(Сто рассказов о детстве и юности -75)
Городская баня стояла на отшибе. За мостом через речку-поганку, шла натоптанная стежка вдоль серого забора, из щелей которого торчали пыльные, занозистые лапы крыжовника. За забором тихо журчало и пахло особой банной сыростью, какая бывает от мыльной горячей воды, годами льющейся в размытую земляную канаву.
Я морщила нос и на всякий случай поднимала повыше бабушкину сумку, собранную раз и навсегда заведенным порядком: два махровых полотенца, смена белья, мыло в пластмассовой коробочке, лохматая мочалка в целлофановом мешочке и тюбик "яичного" шампуня – другого в промтоварах не бывало. Еще расческа, косынка для мокрых волос и вчерашняя газета – в предбаннике на пол стелить.
Старая баня в пятнах отсыревшей штукатурки желтым боком выступала из зарослей породистой лебеды и репейника. К ней вплотную примыкала кочегарка, с закопченной трубой, чья верхушка вечно терялась в клубах едкого дыма.

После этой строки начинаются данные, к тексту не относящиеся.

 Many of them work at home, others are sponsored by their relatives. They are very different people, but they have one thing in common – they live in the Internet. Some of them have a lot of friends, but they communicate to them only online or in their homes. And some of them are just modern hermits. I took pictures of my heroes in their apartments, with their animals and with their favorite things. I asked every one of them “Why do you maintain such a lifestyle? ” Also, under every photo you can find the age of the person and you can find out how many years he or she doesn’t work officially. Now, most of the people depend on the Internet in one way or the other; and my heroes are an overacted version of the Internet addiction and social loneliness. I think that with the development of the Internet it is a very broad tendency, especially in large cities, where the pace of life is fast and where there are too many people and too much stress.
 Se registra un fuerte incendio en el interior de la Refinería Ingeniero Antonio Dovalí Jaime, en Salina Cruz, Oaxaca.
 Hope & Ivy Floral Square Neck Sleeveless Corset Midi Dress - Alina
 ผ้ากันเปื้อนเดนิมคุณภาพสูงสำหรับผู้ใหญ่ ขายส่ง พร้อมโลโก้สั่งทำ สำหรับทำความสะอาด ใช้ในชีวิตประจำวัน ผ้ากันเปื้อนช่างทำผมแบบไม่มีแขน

Во дворе полуголый дядька-кочегар нагребал лопатой в ведро гремучий уголь, и потная бугристая спина его масляно блестела под солнцем. Должно быть вечером он последний заходил в мужское отделение, гремел в одиночестве шайками, а после – отмытый и неузнанный, шел домой, попыхивая в темноте беломориной.
***
В предбаннике сидели голые бабушки с распаренными розовыми лицами - остывали. Плоские груди со сморщенными сосками лежали на выпуклых бледных животах. Но руки-ноги у всех были жилистые, словно от другого человеческого комплекта – покрытые несмываемым огородным загаром, въевшимся наверно до самых костей. Вдоль дощатых сидений с высокими спинками, предназначенными для верхней одежды, тянулись деревянные мостки, кое-где заботливо застеленные газетами. Найдя свободное местечко, я быстро раздевалась под бесцеремонными взглядами, втягивая живот и изо всех сил выпячивая растущую грудь.

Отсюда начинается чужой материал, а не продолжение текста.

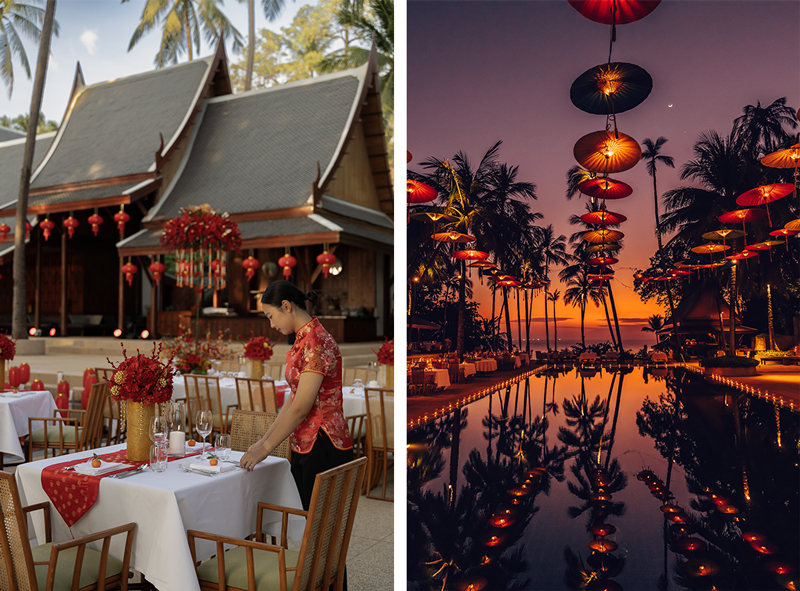 Descend into the tropics, and the festival loosens its tie, trading snow for humidity and high-spirits. Amanpuri in Phuket reimagines the holiday as the ultimate family gathering. Days are filled with the vibrant chaos of Ang Pao parades and craft making, while evenings settle into a glamorous hum poolside. Think Guzheng music floating over the water, fire performances cutting through the dark, and the scent of Chinese specialties lingering in the humid air.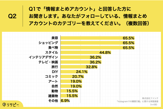 Q1で「情報まとめアカウント」と回答した方に、「Q2.あなたがフォローしている、情報まとめアカウントのカテゴリーを教えてください。(複数回答)」(n=58)と質問したところ、「美容」が65.5%、「ショッピング」が65.5%、「食べ物」が65.5%という回答となりました。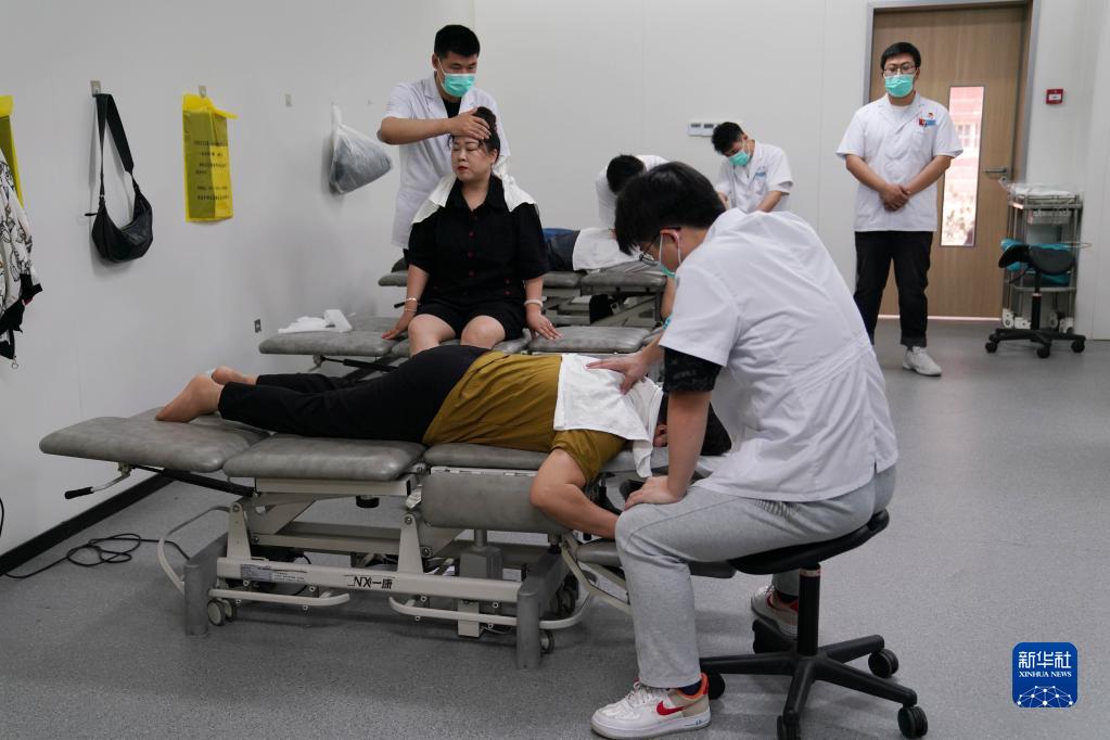 5月16日,在江蘇省鎮江市潤州區黎明社區衛生服務中心針灸推拿科,醫務人員為患者進行推拿治療。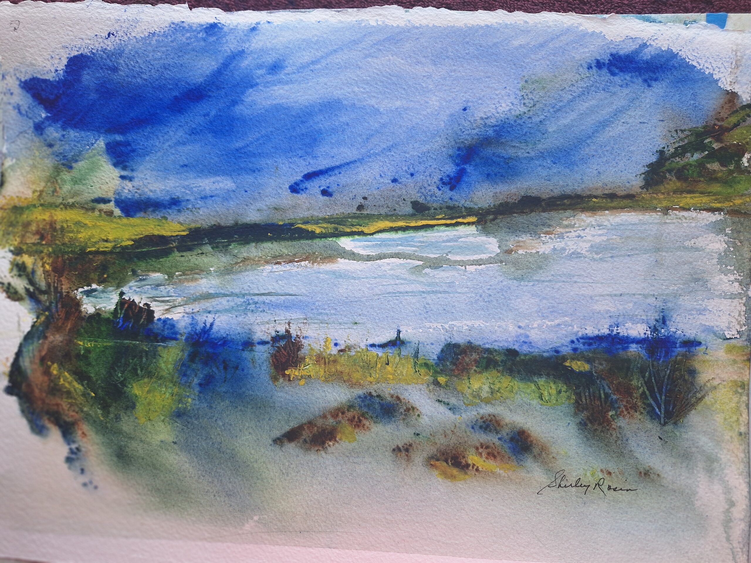 This painting is dominated by a vast body of water, likely a lake, stretching across the composition with a luminous presence. The surface reflects light, creating a bright, shimmering effect that adds movement and visual depth. Surrounding the water are patches of land rendered in varied textures and earthy colors, suggesting natural vegetation such as rolling hills and open fields. These contrasting elements add balance and structure to the scene. Above, the sky shows expressive movement through layered tones and flowing forms, enhancing the sense of atmosphere. Together, these elements contribute to a calm, harmonious natural setting that feels both expansive and tranquil.

- Выросла-то как, - кивали бабушки, - женихи небось проходу не дают!
На мое счастье из парной в белых влажных клубах являлась очередная розовая бабуля, отвлекая на себя общее внимание, и прерывая тем самым обсуждение моей половой зрелости.
Парная конечно – одно название. Большой полутемный зал, наполненный плеском и звоном, шлепками босых ног по мокрому полу, гулкими банными голосами. Вдоль стен на уровне живота тянутся широкие каменные полки, из них местами торчат краны с холодной и горячей водой. Рядом громоздятся цинковые тазы. В углу с потолка свисает дырчатая головка душа – каменный пол под ней в рыжих ожогах от кипятка.

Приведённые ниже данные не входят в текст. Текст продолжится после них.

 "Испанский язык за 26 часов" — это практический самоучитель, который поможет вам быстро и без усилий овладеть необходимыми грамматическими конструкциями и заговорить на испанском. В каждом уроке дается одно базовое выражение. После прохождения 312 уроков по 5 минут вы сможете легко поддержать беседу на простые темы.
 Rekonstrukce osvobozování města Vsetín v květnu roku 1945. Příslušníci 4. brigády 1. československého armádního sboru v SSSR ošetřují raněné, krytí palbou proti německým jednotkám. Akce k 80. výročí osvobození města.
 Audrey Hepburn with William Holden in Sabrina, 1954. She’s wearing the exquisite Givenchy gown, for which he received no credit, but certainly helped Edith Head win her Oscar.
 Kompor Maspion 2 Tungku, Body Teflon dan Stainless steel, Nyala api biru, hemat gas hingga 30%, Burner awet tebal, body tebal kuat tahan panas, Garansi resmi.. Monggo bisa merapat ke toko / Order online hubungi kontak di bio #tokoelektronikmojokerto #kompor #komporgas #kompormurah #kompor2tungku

Два окна, заделаны толстым непрозрачным стеклом бутылочного цвета и оттого в бане сумрачно даже в самый ясный день (тусклая лампочка в запотевшем плафоне – это ж разве освещение!). Впрочем, разглядывать тут все равно нечего. Мокрые взъерошенные бабушки кряхтят над своими тазиками, чьи-нибудь внуки обоего пола вертятся под ногами, брызгаясь холодной водой и запуская в мыльном ручье резиновых уток. Дородные тетки усердно трут себя спереди, подкидывая кверху мешающие им объемистые груди.
От жара и духоты я быстро делаюсь вялой. Единственное спасение – вентилятор, вставленный в одно из зеленых окон. Иногда он жужжит, но чаще лопасти шевелит только ленивый сквознячок (так что место возле окна всегда свободно). За окном крутой косогор, заросший крапивой и шиповником. Но разве любопытных крапивой остановишь! Говорят, кривой Борька раньше оба глаза имел в полной исправе. Пока не влез на это окно, надеясь подглядеть за тетками в щелку между стеклом и железными лопастями ветряка. А вентилятор возьми да включись! Крику было… Хотя не знаю, может враки всё. Но в армию Борьку с тех пор не берут – правда.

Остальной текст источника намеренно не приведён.